:: Input material ::

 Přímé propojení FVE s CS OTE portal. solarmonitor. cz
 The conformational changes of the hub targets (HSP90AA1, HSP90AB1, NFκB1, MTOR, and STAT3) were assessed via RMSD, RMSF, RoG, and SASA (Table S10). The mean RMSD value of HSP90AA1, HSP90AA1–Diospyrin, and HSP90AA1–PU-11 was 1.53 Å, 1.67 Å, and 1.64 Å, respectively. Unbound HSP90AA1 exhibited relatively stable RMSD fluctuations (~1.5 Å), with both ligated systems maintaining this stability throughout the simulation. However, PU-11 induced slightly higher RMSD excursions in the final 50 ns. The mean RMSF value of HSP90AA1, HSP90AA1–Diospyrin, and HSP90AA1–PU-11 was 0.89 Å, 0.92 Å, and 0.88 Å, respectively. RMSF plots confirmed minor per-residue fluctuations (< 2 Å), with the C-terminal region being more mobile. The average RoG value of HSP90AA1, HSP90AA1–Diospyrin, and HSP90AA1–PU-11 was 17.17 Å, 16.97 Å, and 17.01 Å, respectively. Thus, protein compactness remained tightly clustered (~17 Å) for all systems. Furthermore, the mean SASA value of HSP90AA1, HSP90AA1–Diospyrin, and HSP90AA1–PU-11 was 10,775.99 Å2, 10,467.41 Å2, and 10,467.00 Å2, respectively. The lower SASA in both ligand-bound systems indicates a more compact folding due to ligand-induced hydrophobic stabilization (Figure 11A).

:::
:: Input material ::

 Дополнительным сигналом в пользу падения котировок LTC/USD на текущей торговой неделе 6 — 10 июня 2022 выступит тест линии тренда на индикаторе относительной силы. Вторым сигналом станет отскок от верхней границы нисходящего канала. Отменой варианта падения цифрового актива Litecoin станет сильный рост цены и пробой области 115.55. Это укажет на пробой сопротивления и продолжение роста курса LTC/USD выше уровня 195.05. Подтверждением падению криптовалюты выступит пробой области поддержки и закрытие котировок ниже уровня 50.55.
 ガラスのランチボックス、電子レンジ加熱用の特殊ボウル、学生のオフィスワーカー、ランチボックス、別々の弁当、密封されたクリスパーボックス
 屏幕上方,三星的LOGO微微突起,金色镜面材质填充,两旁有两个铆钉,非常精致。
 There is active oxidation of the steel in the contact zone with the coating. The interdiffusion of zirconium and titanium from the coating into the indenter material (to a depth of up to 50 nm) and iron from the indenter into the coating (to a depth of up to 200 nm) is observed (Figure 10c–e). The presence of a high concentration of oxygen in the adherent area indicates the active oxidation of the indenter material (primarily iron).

:::
:: Input material ::

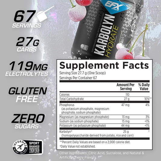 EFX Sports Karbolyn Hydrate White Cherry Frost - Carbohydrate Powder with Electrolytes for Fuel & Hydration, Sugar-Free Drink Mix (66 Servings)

:::

In the listing above, find the line with "屏幕上方,三星的LOGO微微突起,金色镜面材质填充,两旁有两个铆钉,非常精致。" and the line with "There is active"; set down exactly those two lines and every line between them, nothing more.

 屏幕上方,三星的LOGO微微突起,金色镜面材质填充,两旁有两个铆钉,非常精致。
 There is active oxidation of the steel in the contact zone with the coating. The interdiffusion of zirconium and titanium from the coating into the indenter material (to a depth of up to 50 nm) and iron from the indenter into the coating (to a depth of up to 200 nm) is observed (Figure 10c–e). The presence of a high concentration of oxygen in the adherent area indicates the active oxidation of the indenter material (primarily iron).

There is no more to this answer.